▶ **Task requirements**:
What is needed is a word-for-word copy of the listing below, without pictures.

────────────────────────────────────────

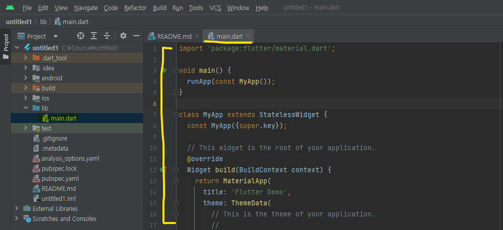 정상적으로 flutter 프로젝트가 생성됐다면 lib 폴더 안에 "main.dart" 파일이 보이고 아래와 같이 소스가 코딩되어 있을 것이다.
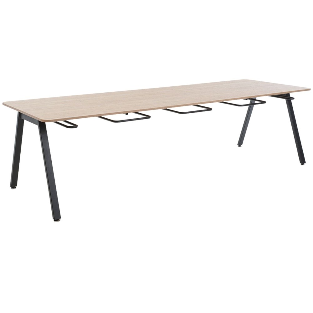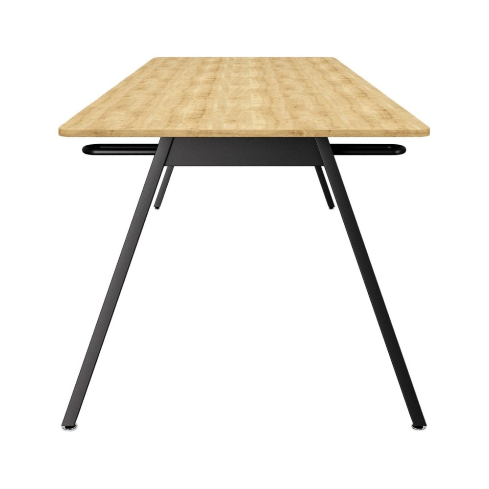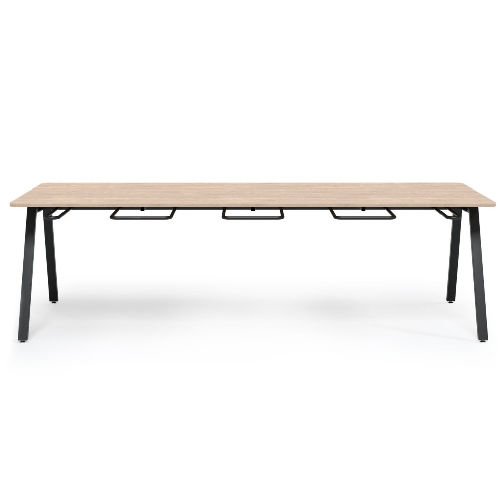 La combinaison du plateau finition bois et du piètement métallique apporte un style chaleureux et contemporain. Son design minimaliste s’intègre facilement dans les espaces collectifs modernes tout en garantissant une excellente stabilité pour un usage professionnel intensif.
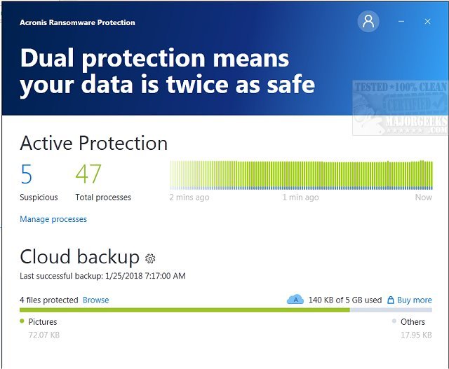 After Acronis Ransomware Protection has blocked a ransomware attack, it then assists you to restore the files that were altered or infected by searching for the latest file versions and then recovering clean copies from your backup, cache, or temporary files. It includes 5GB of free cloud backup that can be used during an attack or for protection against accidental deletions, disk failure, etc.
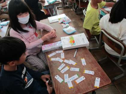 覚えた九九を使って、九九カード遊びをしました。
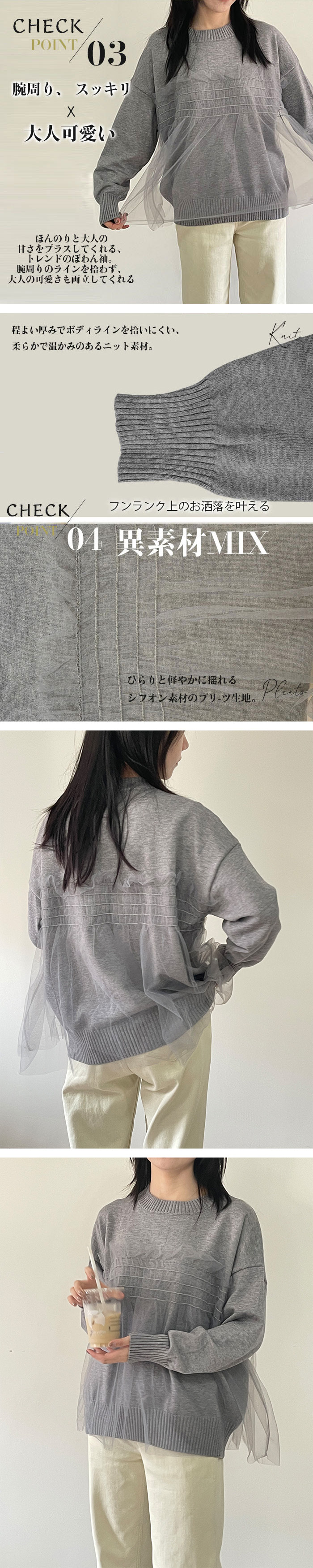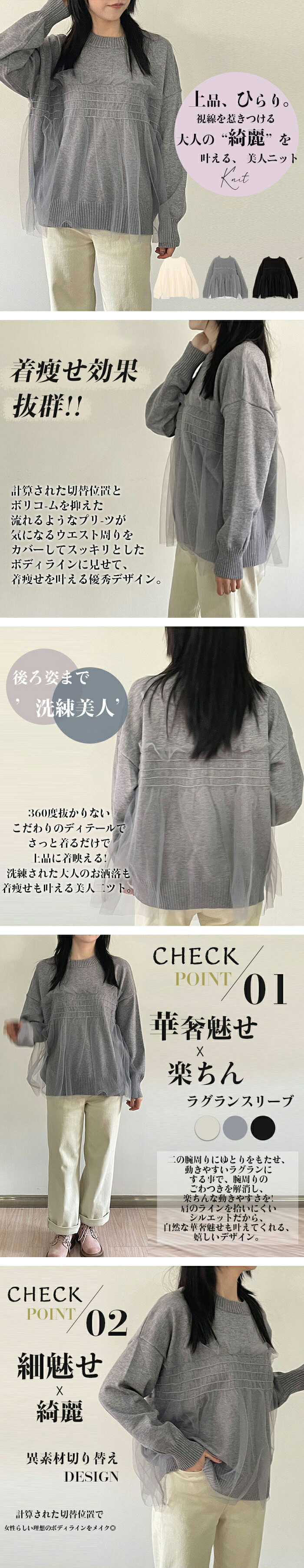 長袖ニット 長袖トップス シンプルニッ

────────────────────────────────────────

▶ **Answer for this exercise**:
 정상적으로 flutter 프로젝트가 생성됐다면 lib 폴더 안에 "main.dart" 파일이 보이고 아래와 같이 소스가 코딩되어 있을 것이다.
 La combinaison du plateau finition bois et du piètement métallique apporte un style chaleureux et contemporain. Son design minimaliste s’intègre facilement dans les espaces collectifs modernes tout en garantissant une excellente stabilité pour un usage professionnel intensif.
 After Acronis Ransomware Protection has blocked a ransomware attack, it then assists you to restore the files that were altered or infected by searching for the latest file versions and then recovering clean copies from your backup, cache, or temporary files. It includes 5GB of free cloud backup that can be used during an attack or for protection against accidental deletions, disk failure, etc.
 覚えた九九を使って、九九カード遊びをしました。
 長袖ニット 長袖トップス シンプルニッ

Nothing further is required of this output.